• Assigned task: A verbatim reproduction of the following listing is required; omit the pictures.

• Available data:
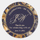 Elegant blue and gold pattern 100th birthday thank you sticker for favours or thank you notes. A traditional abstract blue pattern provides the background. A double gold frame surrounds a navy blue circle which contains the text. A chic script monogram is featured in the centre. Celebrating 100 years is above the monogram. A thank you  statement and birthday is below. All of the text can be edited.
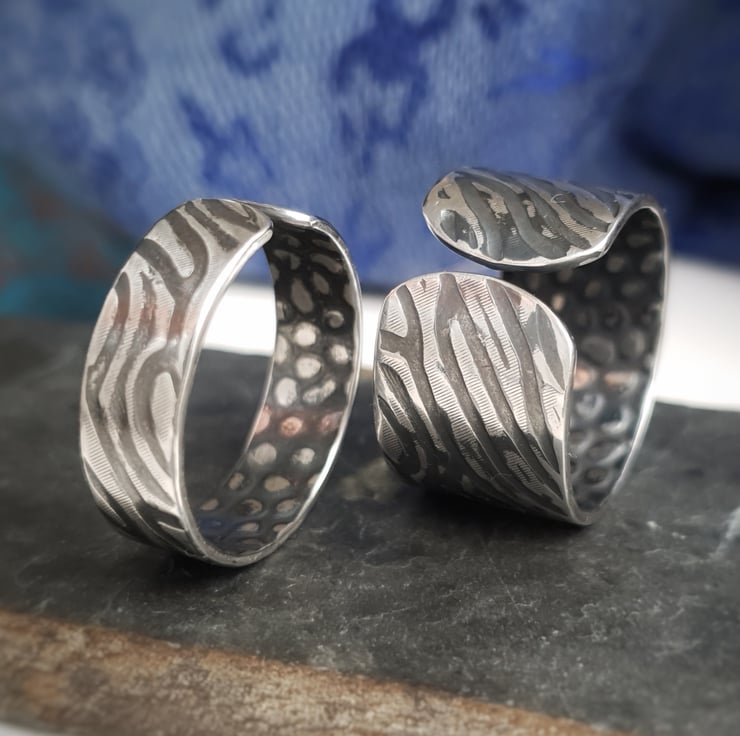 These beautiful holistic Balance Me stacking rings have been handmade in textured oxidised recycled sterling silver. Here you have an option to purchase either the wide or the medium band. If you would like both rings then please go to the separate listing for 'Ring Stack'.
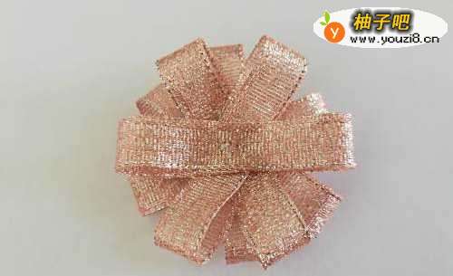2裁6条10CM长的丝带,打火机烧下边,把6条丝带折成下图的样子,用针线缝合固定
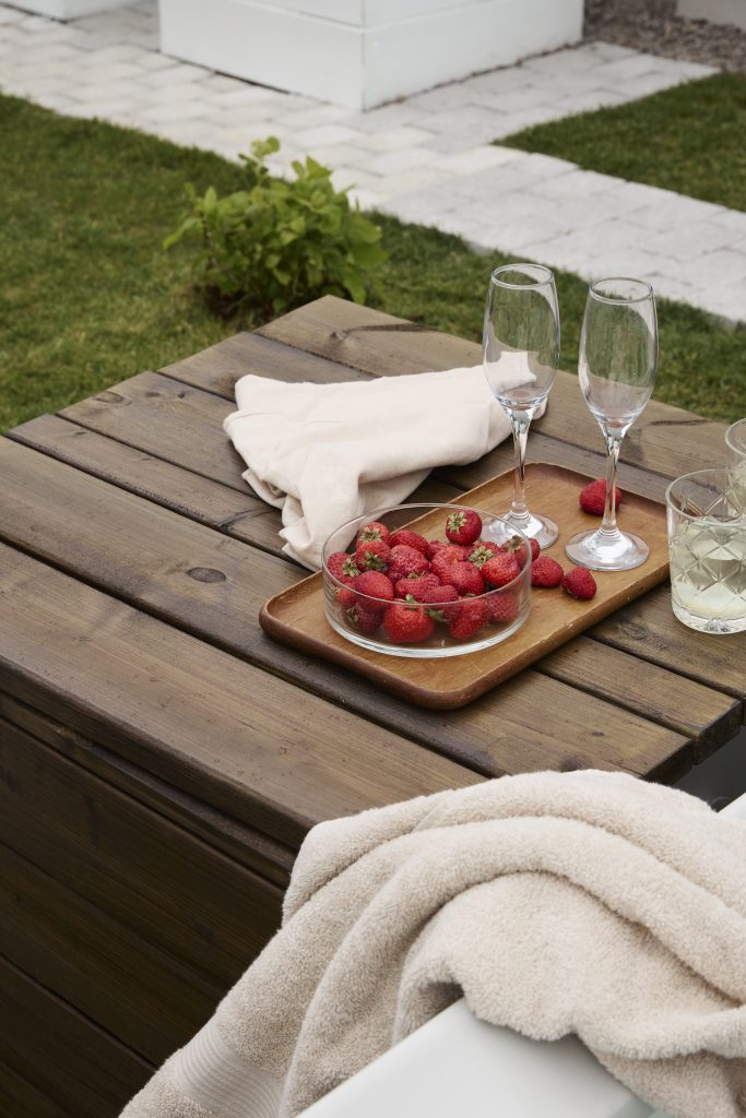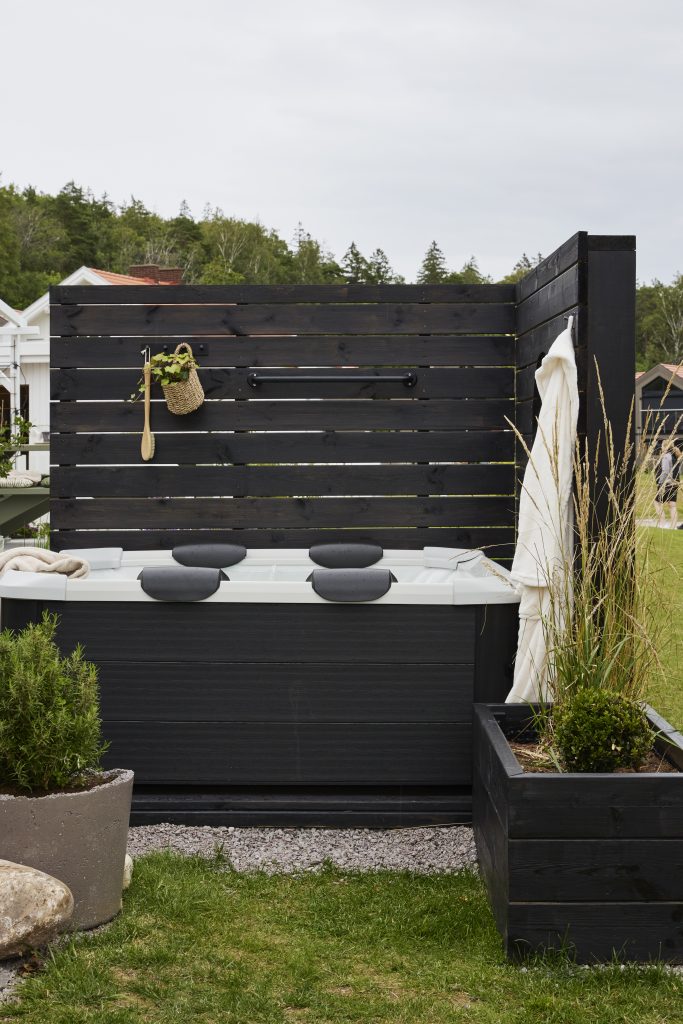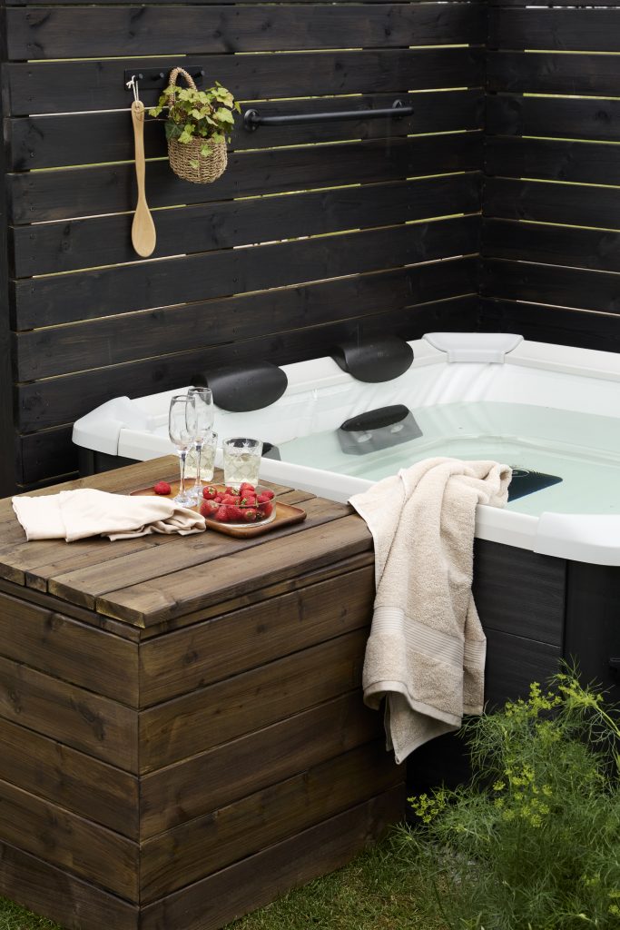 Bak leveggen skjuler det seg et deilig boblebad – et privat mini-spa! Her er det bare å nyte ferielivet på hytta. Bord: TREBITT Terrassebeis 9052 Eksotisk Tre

• Exercise result:
 Elegant blue and gold pattern 100th birthday thank you sticker for favours or thank you notes. A traditional abstract blue pattern provides the background. A double gold frame surrounds a navy blue circle which contains the text. A chic script monogram is featured in the centre. Celebrating 100 years is above the monogram. A thank you  statement and birthday is below. All of the text can be edited.
 These beautiful holistic Balance Me stacking rings have been handmade in textured oxidised recycled sterling silver. Here you have an option to purchase either the wide or the medium band. If you would like both rings then please go to the separate listing for 'Ring Stack'.
2裁6条10CM长的丝带,打火机烧下边,把6条丝带折成下图的样子,用针线缝合固定
 Bak leveggen skjuler det seg et deilig boblebad – et privat mini-spa! Her er det bare å nyte ferielivet på hytta. Bord: TREBITT Terrassebeis 9052 Eksotisk Tre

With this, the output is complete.